Sample Entropy (SampEn) is a measure of self-similarity which captures both linear and nonlinear properties of the respiratory pattern (Richman et al. 2000; Kaffashi et al. 2008). Fig. 5 shows that SampEn was modestly increased in the lung-injury group as compared to control rats at 48 h (p=0.01). However, an index of the nonlinear determinants of breathing pattern variability (NLci) was increased at 24 h (0.24 ± 0.14 bits bleomycin vs. 0.07 ± 0.02 bits saline, p=0.01) and at 48 h (0.20 ± 0.11 bits bleomycin vs. 0.04 ± 0.02 bits control, p<0.01) after bleomycin instillation.

Fig. 5.

Fig. 5

Nonlinear variability of the respiratory waveform changes as ALI progresses.

Representative sample entropy (SampEn) analysis applied to original (black) and surrogate (grey) data sets from: A, Control rat at baseline; B, Control rat at 48 h; C, Bleomycin rat at baseline; and D, Bleomycin rat at 48 h. Note the separation between the SampEn of the original and surrogate data sets 48 h after induction of lung injury, indicating an increased contribution of nonlinear and/or non-Gaussian sources of variability.

E. Group data shows that SampEn was modestly increased in the lung-injury group as compared to control rats at 48 h (p=0.01).

F. Group data show that an index of the nonlinear determinants of breathing pattern variability (NLci) was increased at 24 h (p=0.01) and at 48 h (p<0.01) after bleomycin instillation.

3.4 Measurements of local lung and systemic inflammation

We compared IL-1β (Fig. 6A.) and TNF-α (Fig 6B.) in BALF, lung homogenate, and serum between bleomycin and saline treated animals.
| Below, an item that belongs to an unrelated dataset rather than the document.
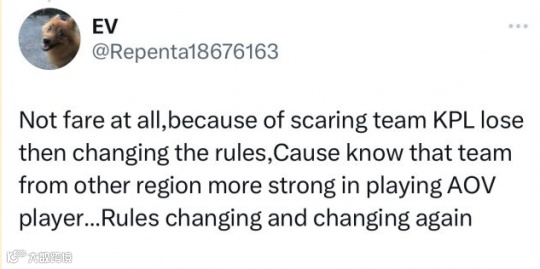 一支外卡队伍教练就在推特上吐槽了官方的做法,认为临时改规则一点儿都不公平,甚至觉得是KPL队伍害怕了。外网出现了HKA和SGP战队将退赛的消息,越南记者LePhuAn补充道“这可能不太准确,但许多国外的战队,的确因为新规开始重新布置战术、改变打法。”
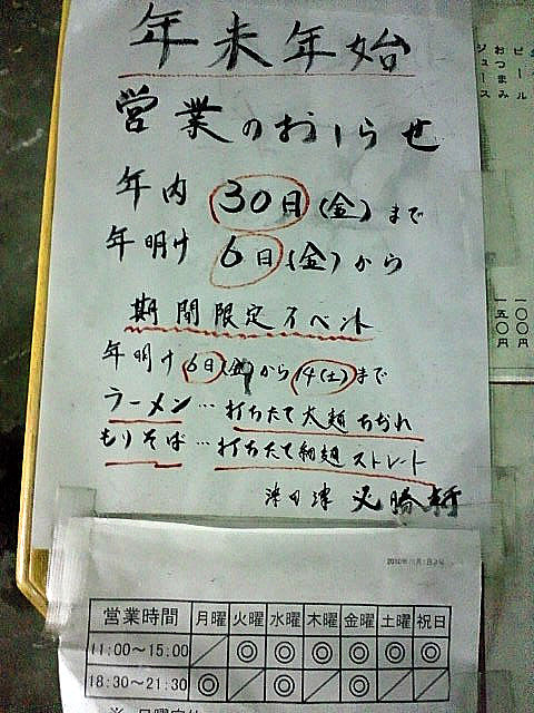 年末は30日(金)までの営業。 最終日は昼&夜営業ですね。

At the 48 h time point, IL-1β and TNF-α were increased in BALF (62.5 ± 9.8 pg/ml bleomycin vs. 45.3 ± 11.7 pg/ml saline, p=0.01; 11.8 ± 2.6 pg/ml bleomycin vs. 8.4 ± 0.3 pg/ml saline, p=0.02, respectively) and in lung homogenate (74.6 ± 33.1 pg/ml bleomycin vs. 52.7 ± 24.9 pg/ml control, p=0.06; 32.2 ± 4.3pg/ml bleomycin vs. 25.3 ± 1.3pg/ml control, p<0.01, respectively) from rats with ALI. Despite histological evidence of lung injury and increases in inflammatory cytokines in the lung, serum levels of IL-1β (p=0.8) and TNF-α (p=0.3) were similar at all time points between the lung injury and control groups (Figs. 6 and 7). In contrast to IL-1β and TNF-α, IL-6 was not statistically different in BALF, lung tissue and serum between the groups at all time points (data not shown).

Fig. 6.

Fig. 6

Cytokine analysis in bronchoalveolar lavage fluid (BALF), lung tissue and serum.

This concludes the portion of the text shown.